Loved me then and still do now. I truly have the best big sisters in the whole world. Each would do anything for me and I for them. Sara & Krista, thank you for all the sacrifices you made on my behalf and for only getting to enjoy Fruit Loops and ice cream while I was at camp.

2/07/2006

I'm back...

So...I took a little break. The break from blogging was not deliberate, per say. The holidays came around, work got really busy...and well, life happened. After the holidays I had plenty of time, but by then I was questioning whether I had anything original to say (more on my longing to be different, yet the same later) in this huge world of d-bloggers. So I procrastinated some more. I'm really good at the whole procrastination thing, by the way. By then I had started slipping into, well probably more like crashing into my old ways of not dealing with the diabetes, and was obviously not in the mood to conjure up something witty about the disease for the entire world to see. Diabetes was tucked way back in the far recesses of my conscience and only accessed when completely necessary to do so. My body was nowhere near to being the Ritz Carlton of places for diabetes to stay; more like some seedy roadside motel that offers rooms by the hour.

I had given myself permission to be a slacker because I knew I would be going back on the pump soon and that then I would have to be good. I would be using the (new to me) Paradigm 715 pump with the Paradigm Link blood glucose meter that sends the readings right to the pump and has the Bolus Wizard to figure out your insulin dose for you and then all the information could be uploaded to your computer and combined to give you reports etc. on all your information. No more trying to combine information from several places or having to write it all down on my own. It would take care of some of the annoying little details that I absolutely hate doing such as calculating, correction, and carb doses and then not having one place that stored all of my results, as well as providing useful reports. I was very excited. I even wanted to blog about it.

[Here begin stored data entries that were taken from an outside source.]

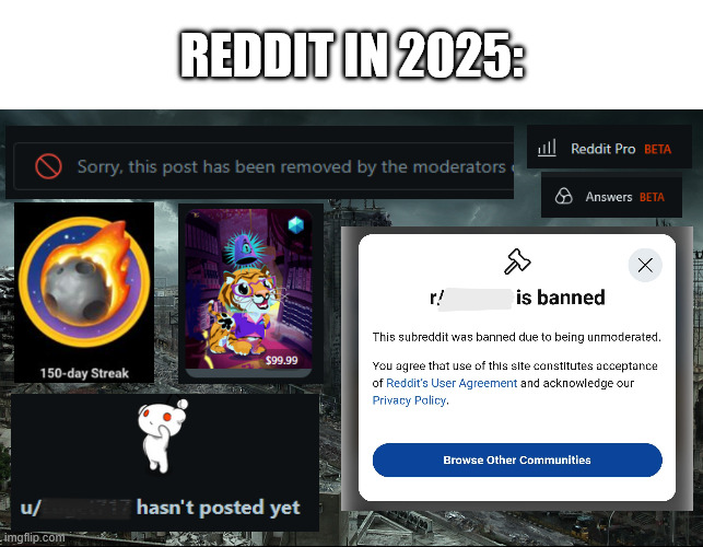 Random Rant: I feel like reddit died after they banned all the “unmoderated” communities. All the posts became sanitized. Now reddit is adding AI and streaks and NFTs to keep people on a platform that has no more content.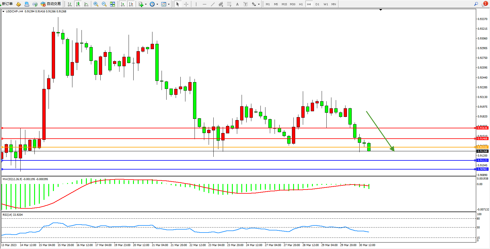 美元瑞郎USDCHF——4小时K线图显示: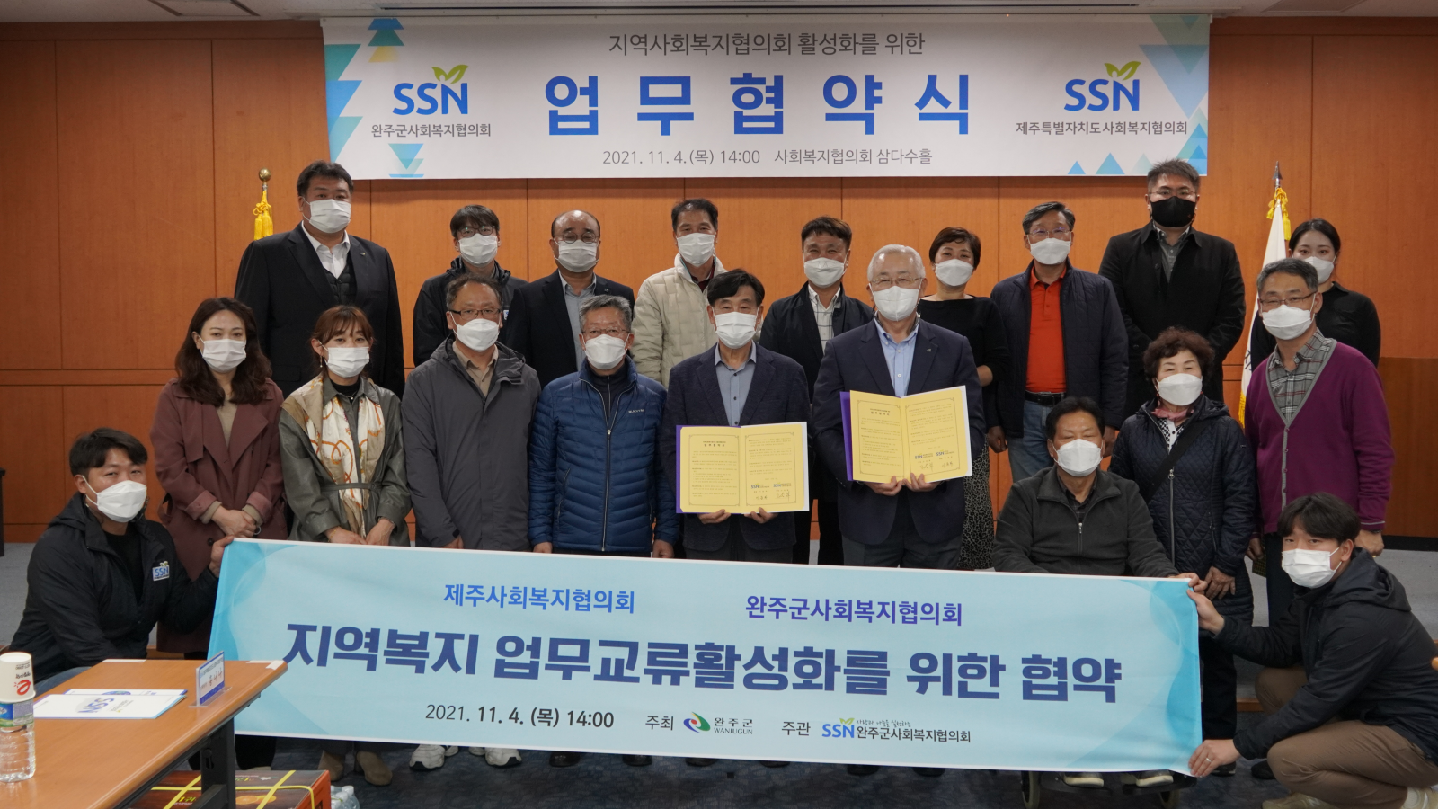 우리 협의회에서는 지닌 11월 4일 14:00, 삼다수홀에서 완주군사회복지협의회와 지역사회복지협의회 활성화를 위한 업무협약을 체결하였습니다.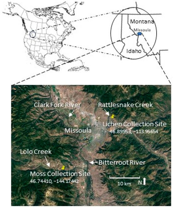 Location of moss and lichen collection sites in western Montana. Based on Natural Earth and Google Earth Pro maps and the images.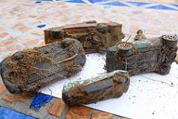 [1853] , a tous de retour dans mon bac a sable, quatre voitures, un bonhomme, et quelques monnaies, pour le partage, photos après nettoyage, bonne soirée a tous.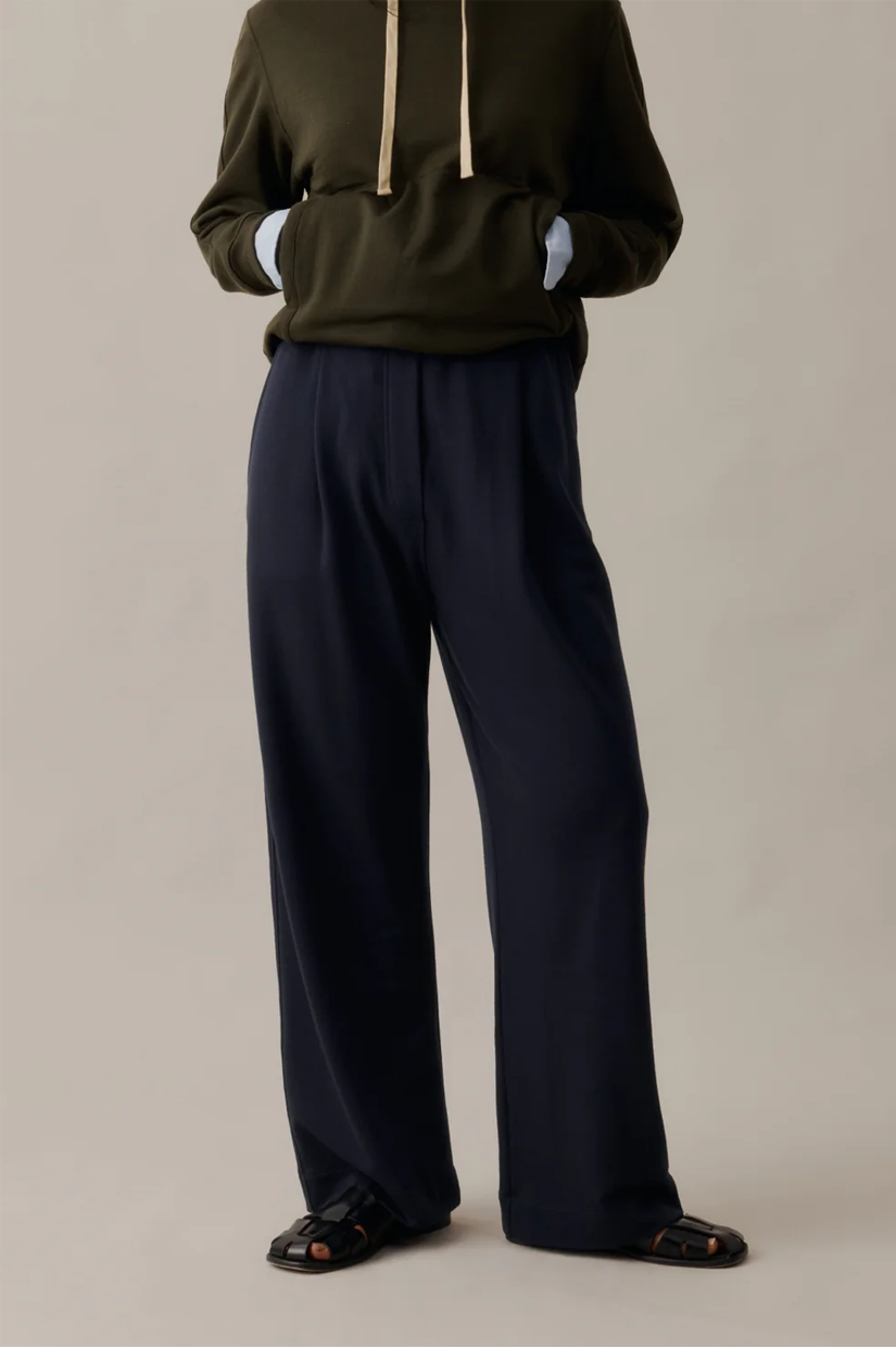 The Wide Leg Merino Pant is a luxurious take on a relaxed fit. Crafted from our 100% ZQ merino loopback terry, they are designed with a wide leg silhouette to sit on the hip with a deep pleat on the front leg. This pant features an elasticated waist with beltloops, two side angle front pockets and a patch pocket on the back right leg. The are finished with a folded and stitched hem, bound inner waistband and an embroidered Longform Merino moniker on the front left pocket.

But by then it felt like it had been too long since I had written to just throw another blog out there. It’s not like anyone would notice or care. I’m not some profound writer. In fact, I am only able to post my entries after an awesome friend who makes them look better has proofread them. I haven’t conquered my diabetes demons so I don’t have great advice to offer others. I’m just a girl with this disease called diabetes that has been my nemesis for as long as I can remember trying to figure out how to live in harmony with it. I have sorted through my complicated feelings about writing this blog for other people; worrying about what they think, or if it is witty enough. I have remembered that I am doing this for me.

Well, ok, not so little a break, but I’m back!!!